### Your objective:
Once you reach the line with "Gasolina superior L20.67, gasolina" in the material below, copy each line exactly up to and including the line with "Bildquelle: Das Bild", and skip the pictures.

Segment Start: Data extracts

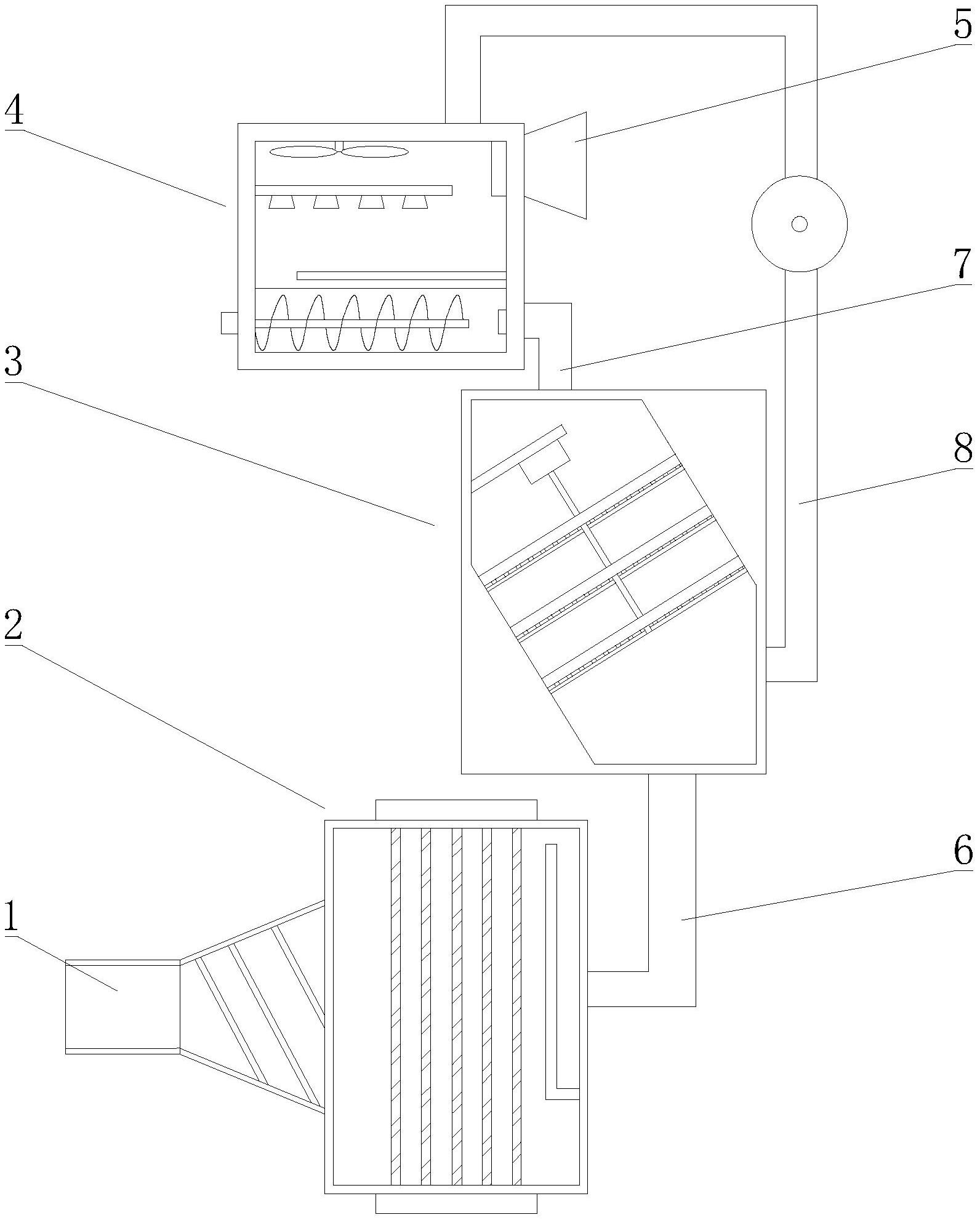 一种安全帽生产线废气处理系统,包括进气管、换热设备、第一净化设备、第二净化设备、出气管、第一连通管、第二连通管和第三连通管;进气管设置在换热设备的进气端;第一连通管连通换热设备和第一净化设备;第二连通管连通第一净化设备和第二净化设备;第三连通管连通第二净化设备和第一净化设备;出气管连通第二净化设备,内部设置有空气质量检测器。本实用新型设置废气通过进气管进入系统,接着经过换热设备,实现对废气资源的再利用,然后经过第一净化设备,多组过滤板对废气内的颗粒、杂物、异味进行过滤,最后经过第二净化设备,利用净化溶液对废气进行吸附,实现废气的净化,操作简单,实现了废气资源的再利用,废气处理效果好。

Segment End: Data extracts
Segment Start: Data extracts

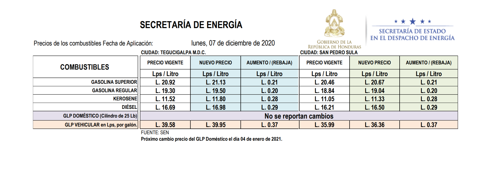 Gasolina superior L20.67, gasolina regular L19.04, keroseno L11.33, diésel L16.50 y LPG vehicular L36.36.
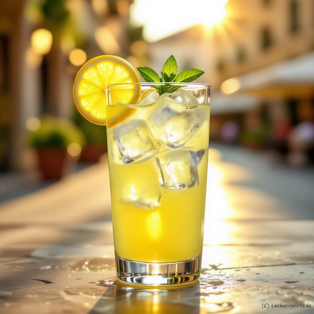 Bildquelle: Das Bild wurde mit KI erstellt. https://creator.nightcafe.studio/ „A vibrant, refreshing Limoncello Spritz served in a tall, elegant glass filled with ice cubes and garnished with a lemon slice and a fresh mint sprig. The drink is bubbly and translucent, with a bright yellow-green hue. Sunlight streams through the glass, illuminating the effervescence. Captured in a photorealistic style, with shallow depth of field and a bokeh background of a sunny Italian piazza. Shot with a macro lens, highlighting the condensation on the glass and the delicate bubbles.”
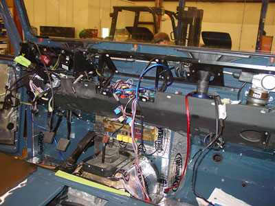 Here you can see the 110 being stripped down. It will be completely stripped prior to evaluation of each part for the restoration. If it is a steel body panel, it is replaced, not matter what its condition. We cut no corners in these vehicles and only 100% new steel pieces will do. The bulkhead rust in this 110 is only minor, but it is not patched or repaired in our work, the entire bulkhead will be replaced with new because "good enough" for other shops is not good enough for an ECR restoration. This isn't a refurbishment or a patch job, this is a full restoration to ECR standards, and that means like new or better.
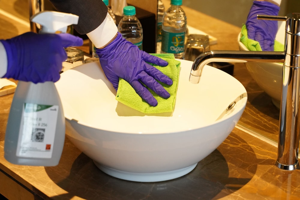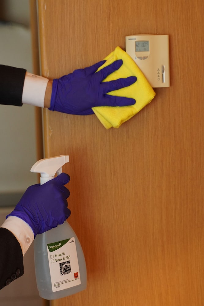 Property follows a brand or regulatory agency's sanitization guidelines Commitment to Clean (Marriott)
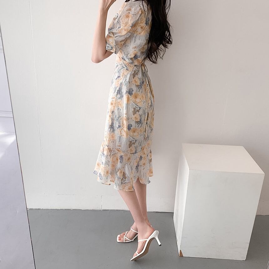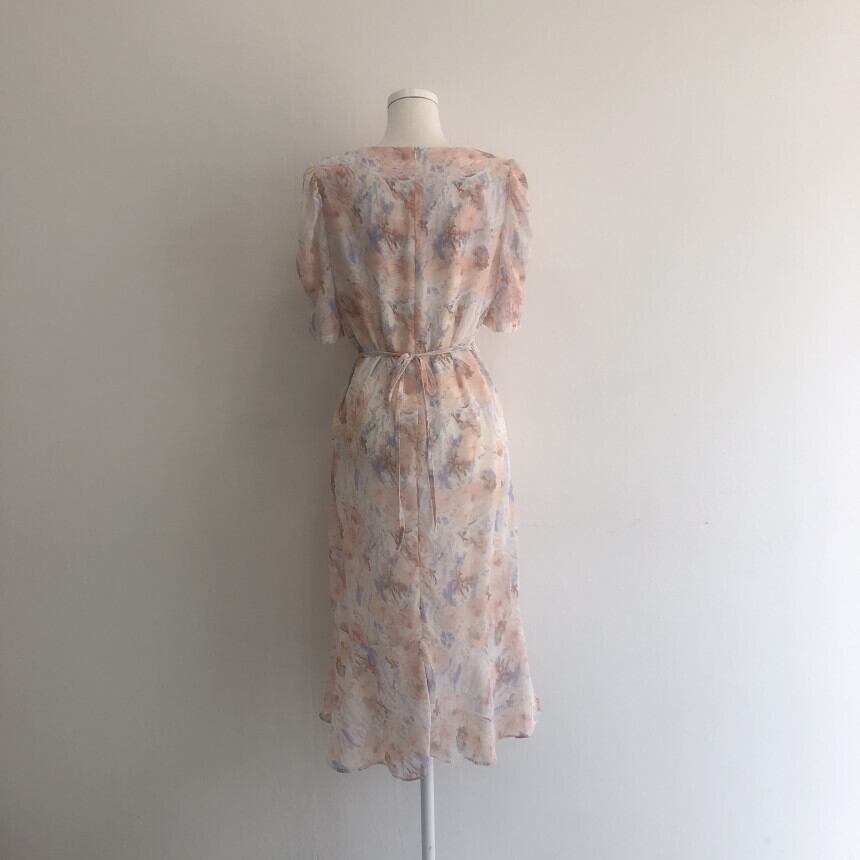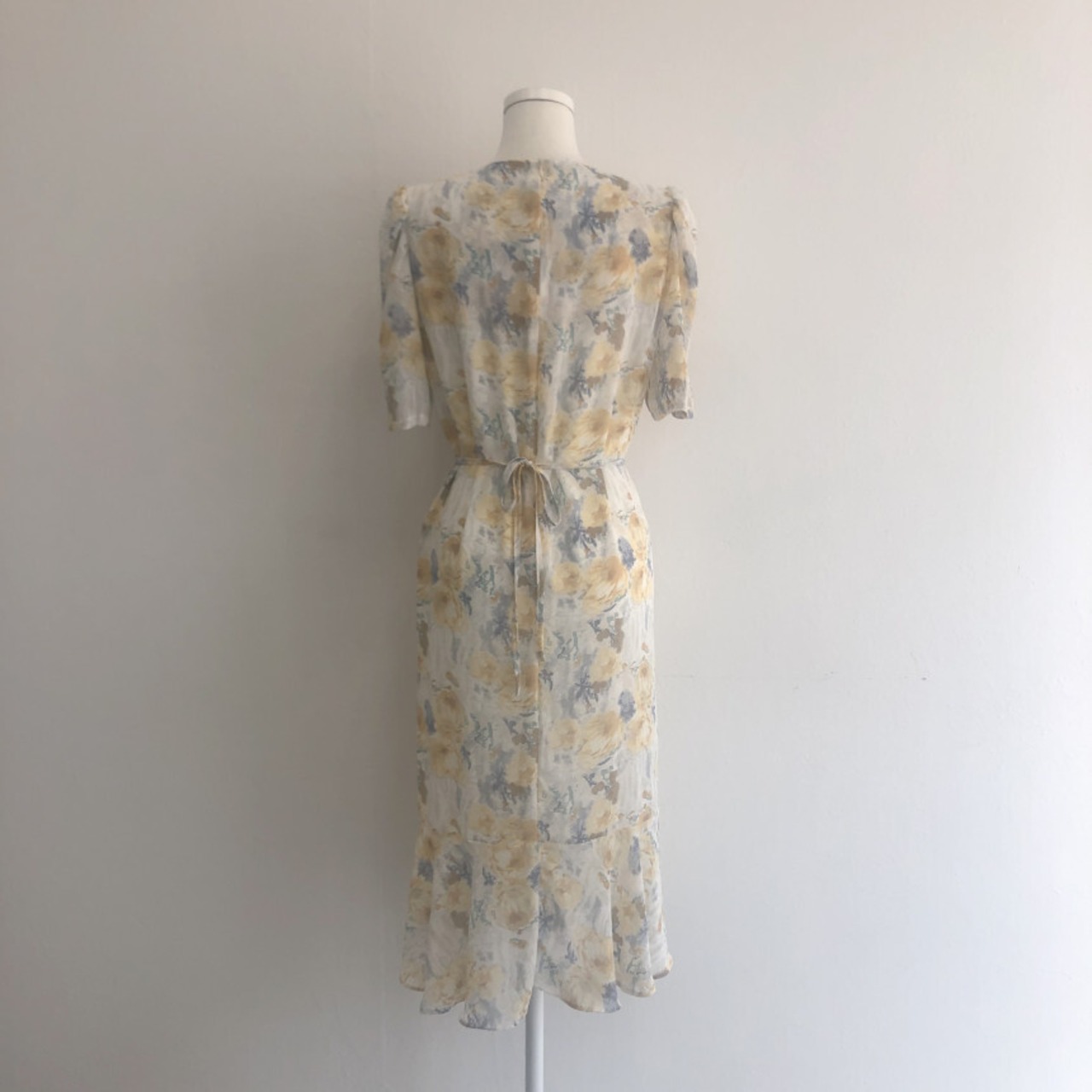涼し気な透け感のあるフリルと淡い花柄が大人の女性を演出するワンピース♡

Segment End: Data extracts

### Exercise solution:
 Gasolina superior L20.67, gasolina regular L19.04, keroseno L11.33, diésel L16.50 y LPG vehicular L36.36.
 Bildquelle: Das Bild wurde mit KI erstellt. https://creator.nightcafe.studio/ „A vibrant, refreshing Limoncello Spritz served in a tall, elegant glass filled with ice cubes and garnished with a lemon slice and a fresh mint sprig. The drink is bubbly and translucent, with a bright yellow-green hue. Sunlight streams through the glass, illuminating the effervescence. Captured in a photorealistic style, with shallow depth of field and a bokeh background of a sunny Italian piazza. Shot with a macro lens, highlighting the condensation on the glass and the delicate bubbles.”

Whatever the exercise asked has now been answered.